Phage therapy against P. aeruginosa remains one of the most effective treatments, which can be combined with antibiotics, has no contraindications and minimal adverse effects. Phages are produced as sterile liquid, suitable for intake, applications etc. Phage therapy against ear infections caused by P. aeruginosa was reported in the journal Clinical Otolaryngology in August 2009
Antibiotics that have activity against P. aeruginosa may include:
- aminoglycosides (gentamicin, amikacin, tobramycin, but not kanamycin)
- quinolones (ciprofloxacin, levofloxacin, but not moxifloxacin)
- cephalosporins (ceftazidime, cefepime, cefoperazone, cefpirome, ceftobiprole, but not cefuroxime, cefotaxime)
- antipseudomonal penicillins: carboxypenicillins (carbenicillin and ticarcillin), and ureidopenicillins (mezlocillin, azlocillin, and piperacillin). P. aeruginosa is intrinsically resistant to all other penicillins.
- carbapenems (meropenem, imipenem, doripenem, but not ertapenem)
- polymyxins (polymyxin B and colistin)
- monobactams (aztreonam)
These antibiotics must all be given by injection, with the exceptions of fluoroquinolones, aerosolized tobramycin and aerosolized aztreonam.

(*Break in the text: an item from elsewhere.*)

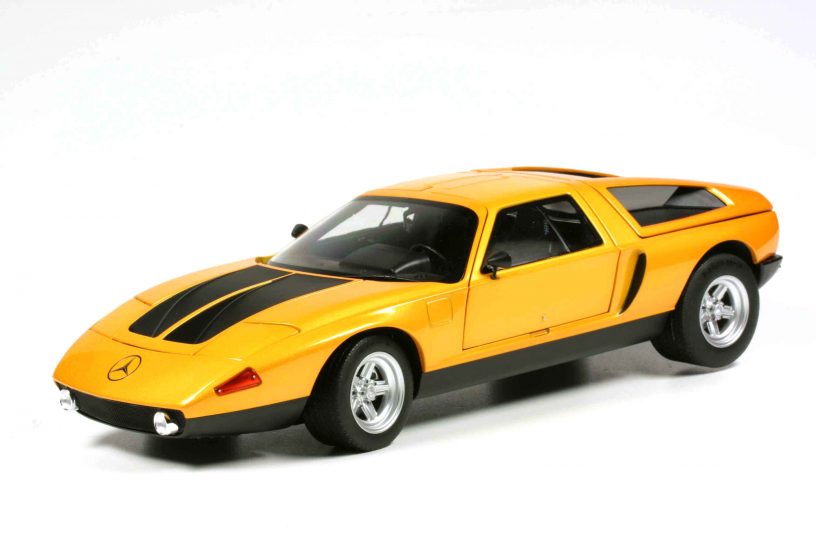 Surrealistische Traumwagen waren sie alle drei, aber dem Mercedes wurde allgemein am ehesten eine Serientauglichkeit zugetraut. Deswegen wurden auch Blankoschecks für ihn unterschrieben, die Daimler-Benz nie einlösen konnte. Unter den Dreien ging der C111 eindeutig als Sieger hervor. Davon deuten bis heute unzählige Spielzeug- und Modellautos – zeitgenössisch gab es vom Modulo nur 43er von Politoys und Pilen, einen 32er von Mercury und einen kleinen Corgi Juniors, vom Opel CD sogar nur eine Miniatur, von Politoys in 1:43. Die kleinen Jungs und die erwachsenen Männer waren vom C111 geradezu hingerissen – zunächst, weil er von Daimler-Benz kam, erzsolide und erzkonservativ, technisch innovativ, aber mitnichten mutig-revolutionär. Niemand hätte Mercedes einen solchen Wagen zugetraut, aber jeder verband mit ihm die positiven Mercedes-Sekundärtugenden. Dann, weil er einen Wankelmotor trug. Er galt in der Zeit zwischen 1967 (Debüt NSU Ro 80) und 1973/74 (Beginn Ölkrise und automobiles Effizienzdenken) als Technologie der Zukunft, als überlegener Ersatz für den Ottomotor. Und dann, weil er ein hinreißendes Design trägt, das noch heute fasziniert. Es ist nicht auf einen Stilisten zurückzuführen, man kann nicht sagen: „Er war es, der den C111 entwarf!“ Der Ur-C111, der so genannte Hobel, hatte letztlich gar kein Design, sondern nur eine ungehobelte Hülle um seine Technik. Der C111-I und -II, in letzterer Form der C111 allgemein in Erinnerung geblieben ist und den Norev nun bringt, wurde im Team um den Mercedes-Stilisten Josef Gallitzendörfer gezeichnet, der neu ins Team gekommene Bruno Sacco koordinierte die Karosserieentwicklung. Und zur Berühmtheit trug natürlich auch die schillernde Lackierung in Orangemetallic bei, damals etwas Unerhörtes. Die Bezeichnung lautet Weißherbst, ist dem Weinbau entliehen und wurde von der BASF-Tochter Glasurit angemischt. Die Öffentlichkeit sah im C111-II den legitimen Nachfolger des 300 Flügeltüren-SL, traute Daimler-Benz zu, den Wagen zur Serienreife zu entwickeln und Deutschland in den Genuss eines 300-km/h-Autos zu bringen. In Autoquartetten stach der C111 alle aus – nur nicht im Hubraum, denn der ist bei Wankelmütigen bekanntlich sehr klein. Wo keine Kolben nervös auf und ab zappeln, gibt es auch keinen Raum, in denen sich diese bewegen, also heben und senken, können (denn daher kommt ja die Bezeichnung „Hubraum“).
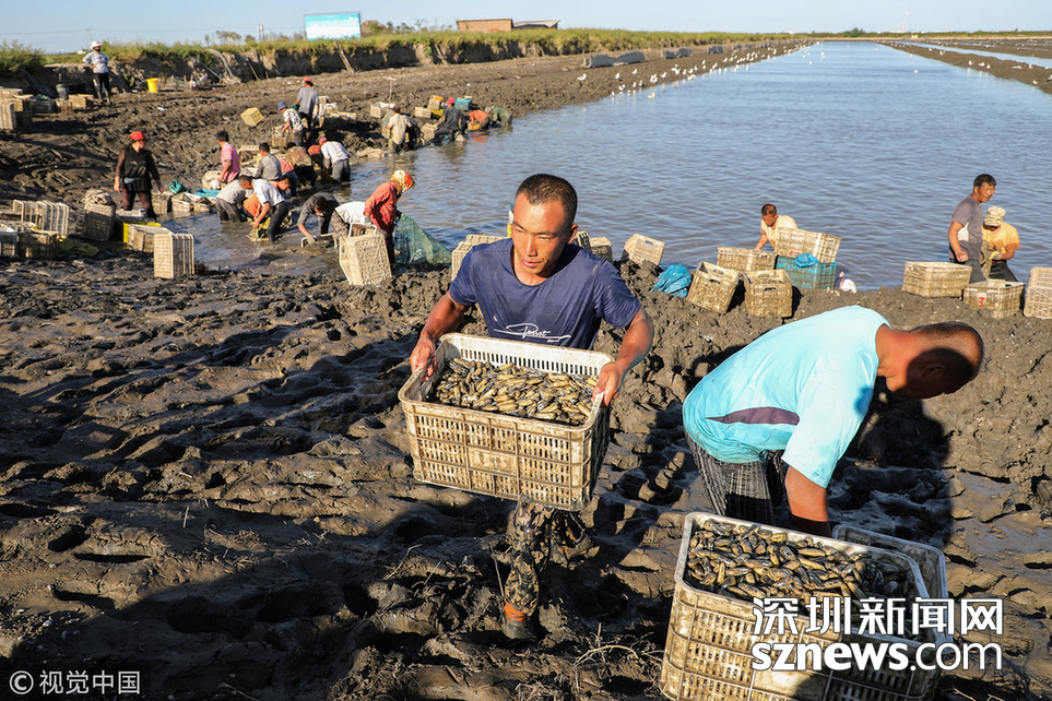 深圳新聞網訊 2018年9月8日,遼寧丹東,早上5點,挖蟶人紛紛下到各個池子,要在海水海泥里艱辛勞作10小時,直至下午3點集體上岸,等待買家的運輸車隊運走他們的勞動成果。9月初,遼寧沿海養殖區進入養殖海鮮的收獲季。在東港,常常出現數百人乃至上千人集結在池子里挖蟶子(這里特指縊蟶,即東港當地人所說的小人仙。下同)的壯觀景象。在養殖海鮮的收獲季,成群的海鷗趁機“助陣“,人與大自然和諧共處的畫面令人嘆為觀止。

For this reason, in some hospitals, fluoroquinolone use is severely restricted to avoid the development of resistant strains of P. aeruginosa. In the rare occasions where infection is superficial and limited (for example, ear infections or nail infections), topical gentamicin or colistin may be used.
One of the most worrisome characteristics of P. aeruginosa is its low antibiotic susceptibility, which is attributable to a concerted action of multidrug efflux pumps with chromosomally encoded antibiotic resistance genes (e.g., mexAB, mexXY etc.) and the low permeability of the bacterial cellular envelopes. In addition to this intrinsic resistance, P. aeruginosa easily develops acquired resistance either by mutation in chromosomally encoded genes or by the horizontal gene transfer of antibiotic resistance determinants. Development of multidrug resistance by P. aeruginosa isolates requires several different genetic events, including acquisition of different mutations and/or horizontal transfer of antibiotic resistance genes. Hypermutation favours the selection of mutation-driven antibiotic resistance in P. aeruginosa strains producing chronic infections, whereas the clustering of several different antibiotic resistance genes in integrons favors the concerted acquisition of antibiotic resistance determinants. Some recent studies have shown phenotypic resistance associated to biofilm formation or to the emergence of small-colony variants may be important in the response of P. aeruginosa populations to antibiotics treatment.